I appreciate your comments. I’m just trying to understand how this process works.
nobody think that , if you have 0.15 mm point cloud you can’t really get better resolution mesh as that is technically impossible .
just because you have a slider option don’t means you should pull everything at highest settings .
The software don’t allow always the higher settings when meshing as it depends of the scanner volume , as very big objects will make your system run out of memory so the settings corresponds with scanned volume .
I don’t like to be limited as sometimes you can import a higher distance point cloud and mesh it at higher settings , limitations are not what we want with this version of RS for that reason it is the way it is .
Auto mode creates very fine point cloud and higher than the laser mode , sometimes people merge different scans so they need to be able to mesh it at the specific settings that are much below 0.15 mm point distance .
The accuracy is build into the hardware for that reason the laser mode despite having point cloud minimal setting at 0.15 mm still can preserve the finest object details of 0.03 mm or slightly below as long you follow the proper GRID settings .
That’s all I have for you on this topic and seriously there is nothing else to it .
Hi.

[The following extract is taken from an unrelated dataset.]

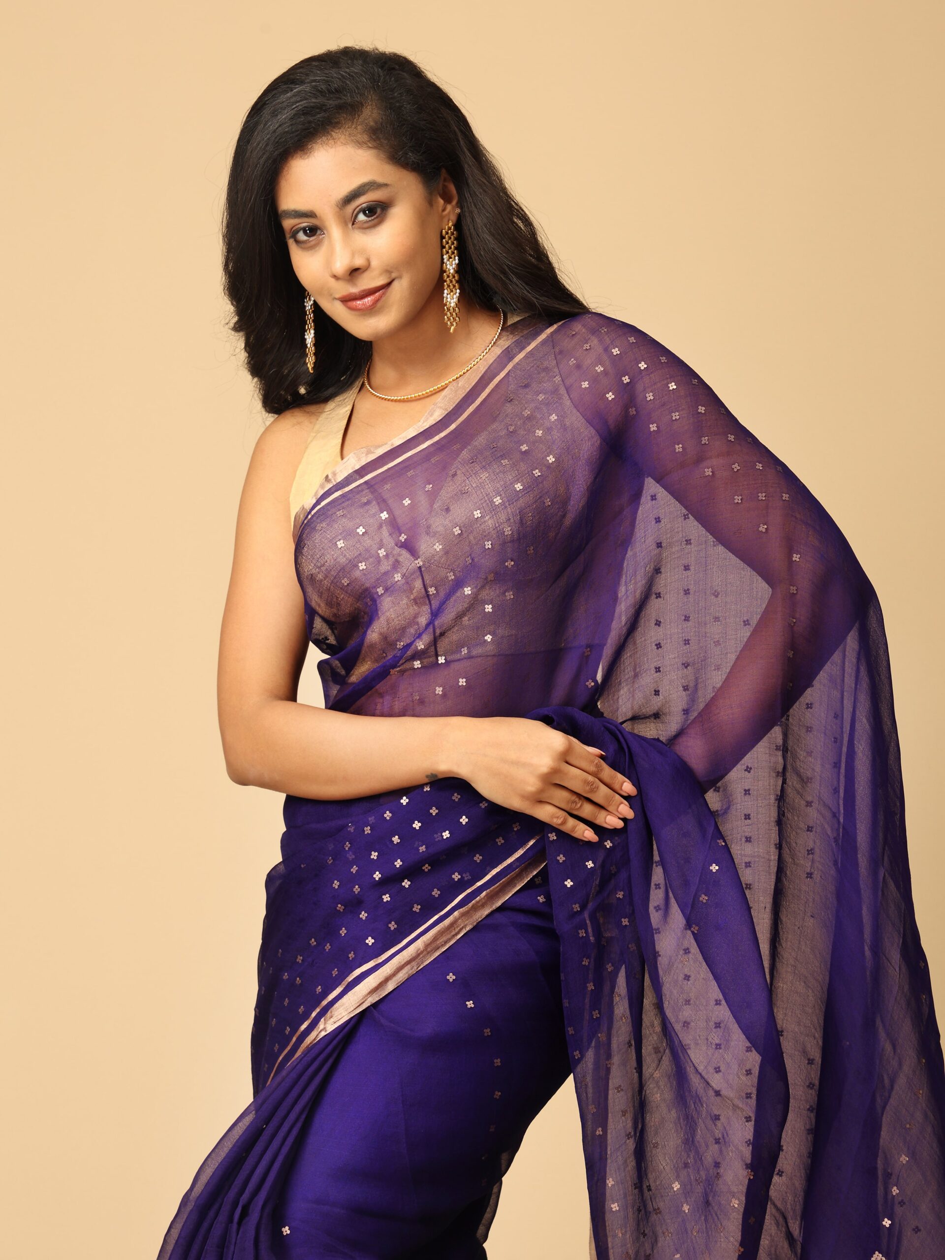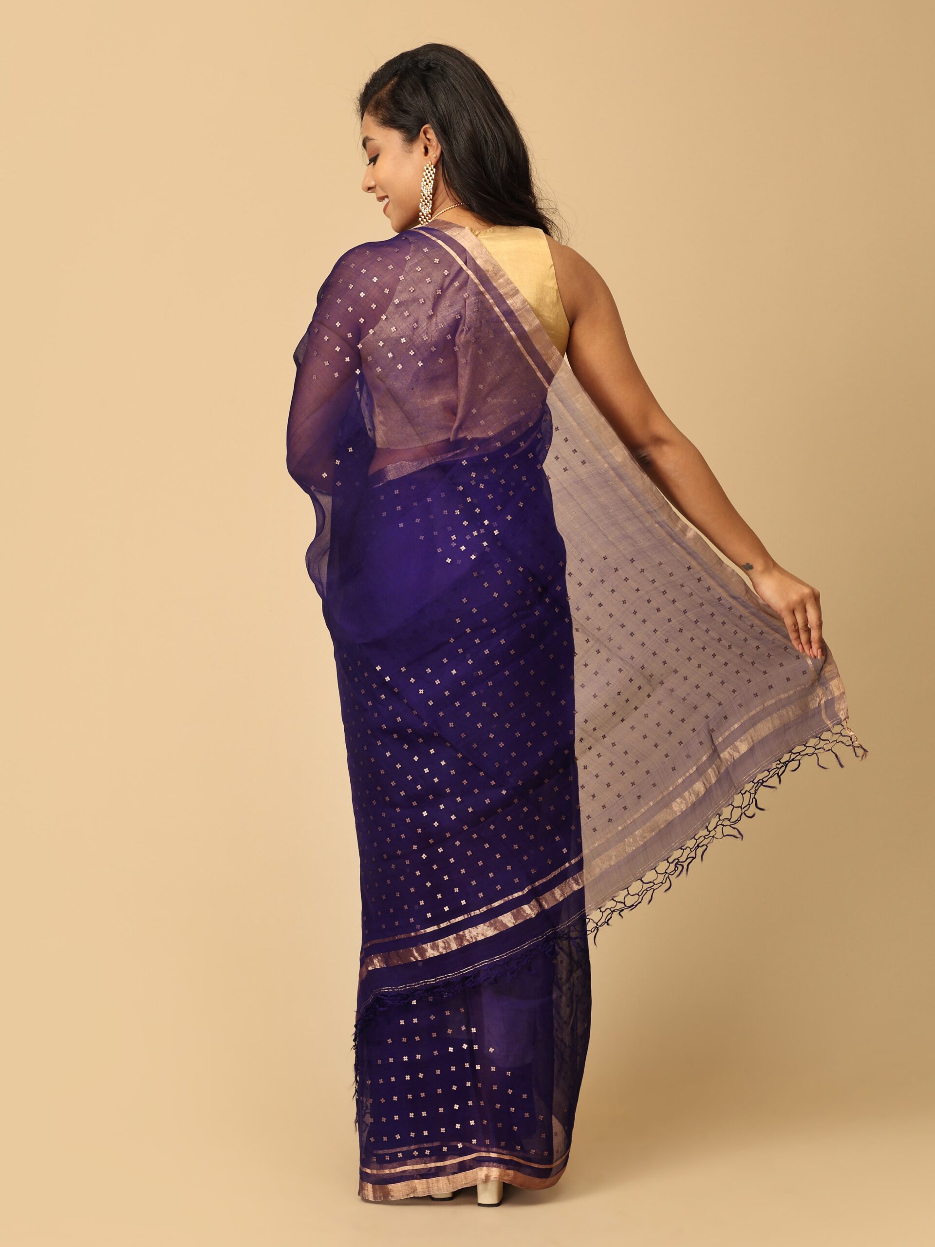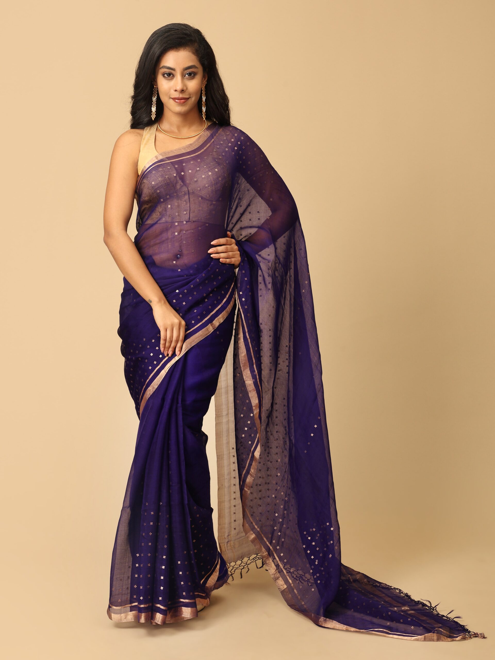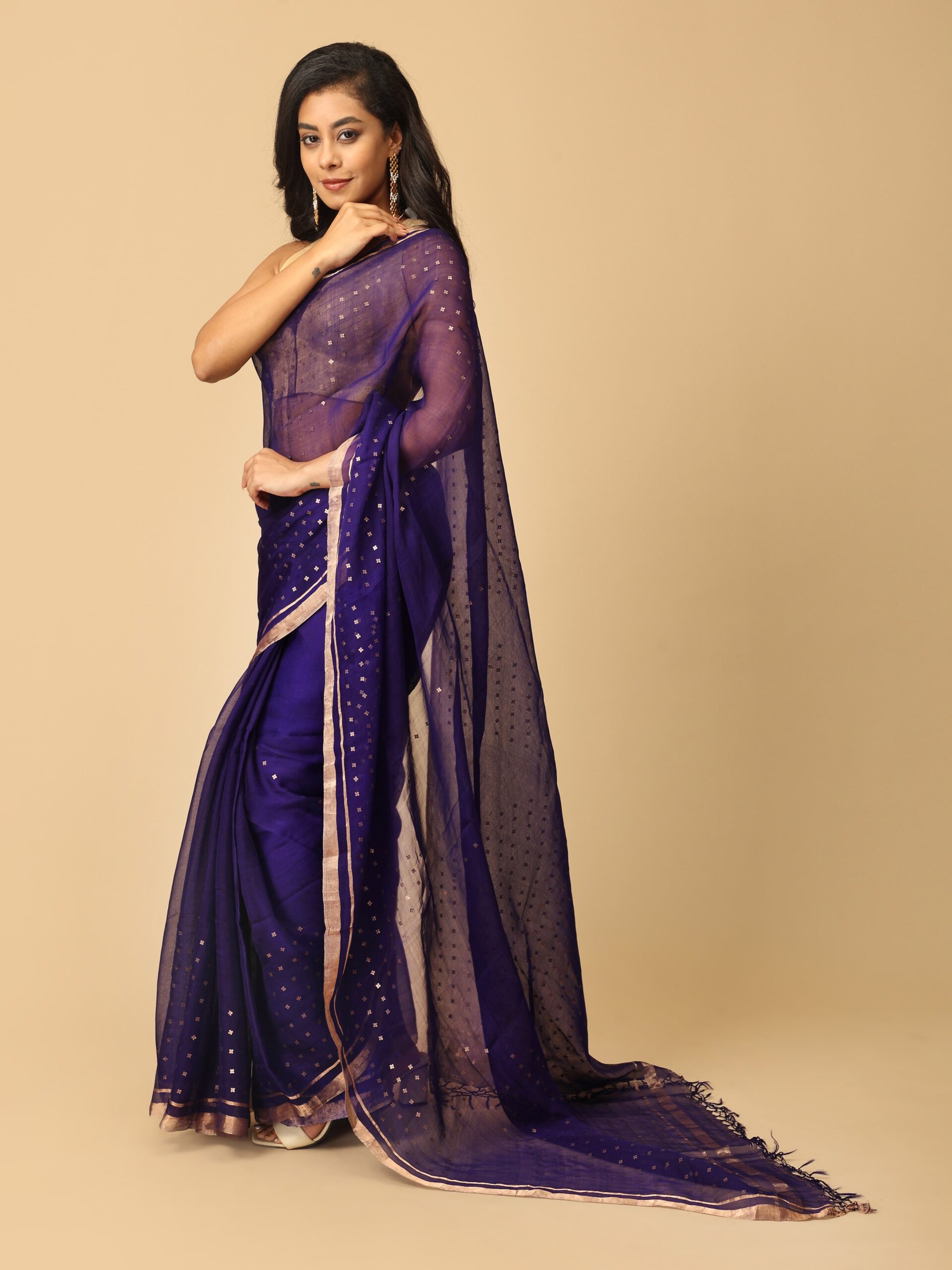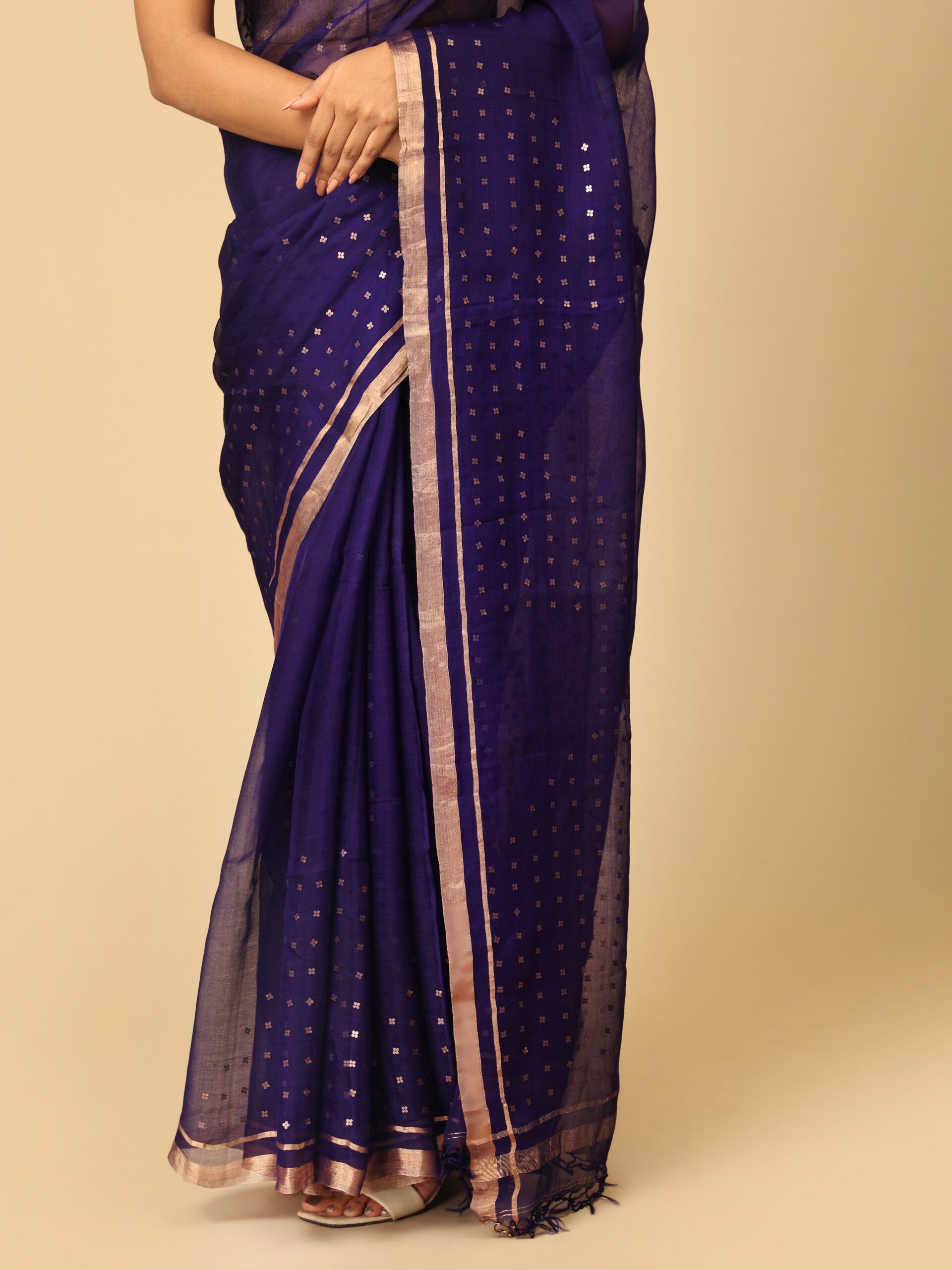 Pure Fine Lavender Muslin Silk Saree With Handweaving Sequin Design Work Border And Pallu from West Bengal. The sequin work done here is extra special as the sequins are woven into at the time of weaving the saree, termed as “pocket sequin” and are not stitched to the saree. This ensures that the sequins remain permanently attached. Extremely light weight , simple yet glamourous.
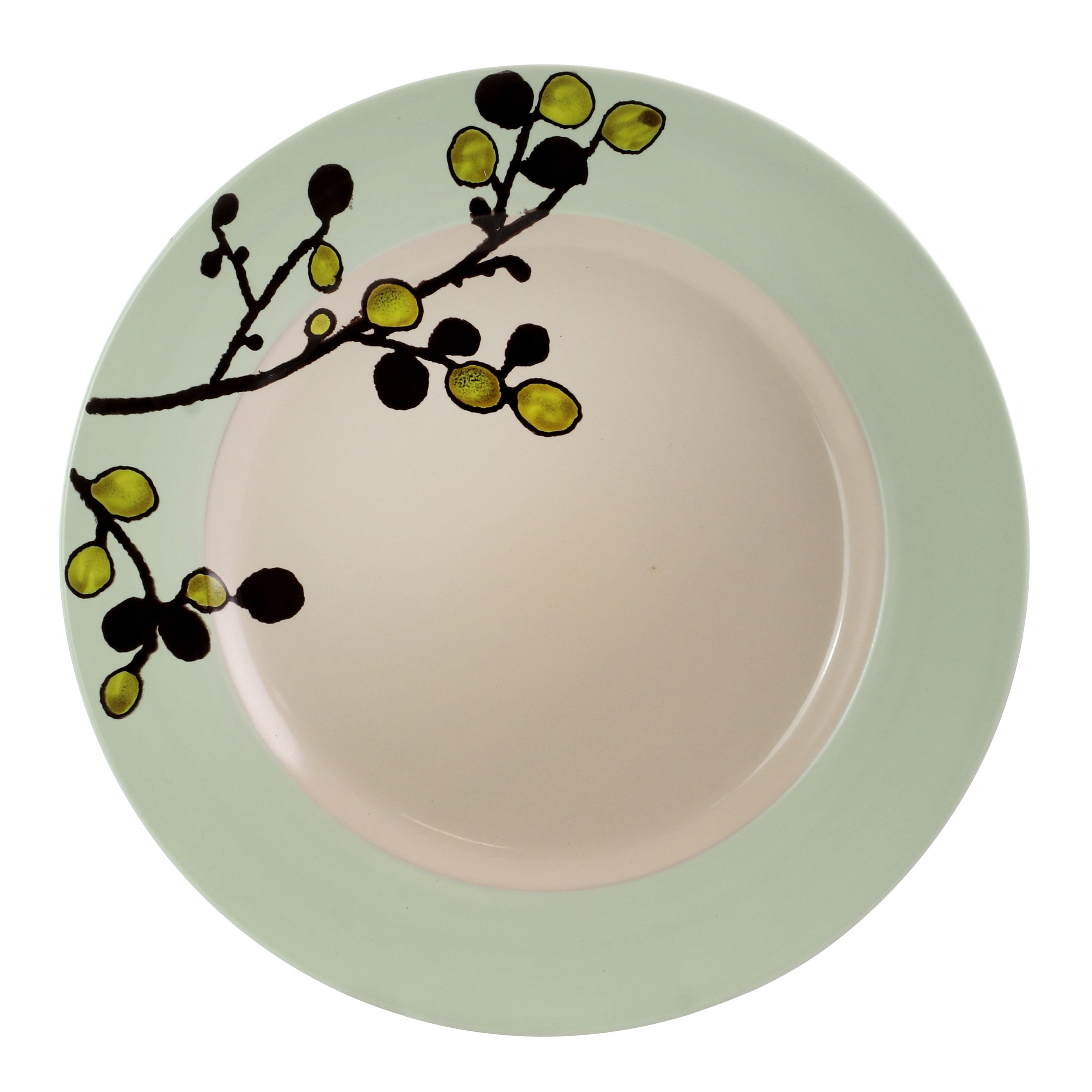 Set: 16 Piece DinnerwareMaterial: StonewareColor: GreenPattern: OliveShape: RoundMicrowave SafeDishwasher SafeIncludes:Four 11″ Dinner PlatesFour 8″ Dessert PlatesFour 15oz. BowlsFour 10oz. MugsPer Item Measurements:Dinner Plate: 11″ diameter, 1″ height, 1.85lbs. weightDessert Plate: 8″ diameter, 0.5″ height, 0.80lb. weightBowl: 5.5″ diameter, 3″ height, 12oz. capacity, 0.95lbs. weightMug: 3.5″ diameter, 4″ height, 3″ handle, 10oz. capacity, 0.70lb. weight

I tried doing laser scanning with subsequent fusing at 0.05mm (on modified software version 5.6.7). It resulted in a lot of “noise”, and subsequent meshing with 0.03 did not change the quality. Although visually (compared to the typical value of 0.15), it seems that small details look “clearer”.
Hi @OBN_RacerMan the maximum fusing that delivering ok result is fusion not higher than 0.10 mm on modified version for Laser mode and nothing below that.
I was there before the product was even released to test out best options for quality , but since I am under NDA I can’t discuss stuff from pre production.
Meshing at higher quality than the GRID don’t really give anything extra because technically there is nothing that can improve it . It only makes the scan more dense but can’t create more details. So just illusion
You can’t modify the fusing settings of the software without adjusting also the scanning algorithms so the results will be meh .. on lower settings just for fusing .
This is exactly what I wanted to demonstrate to K3vinH - that decreasing the fusion value shows an apparent improvement, but in fact leads to a sharp increase in the noise level in the scans.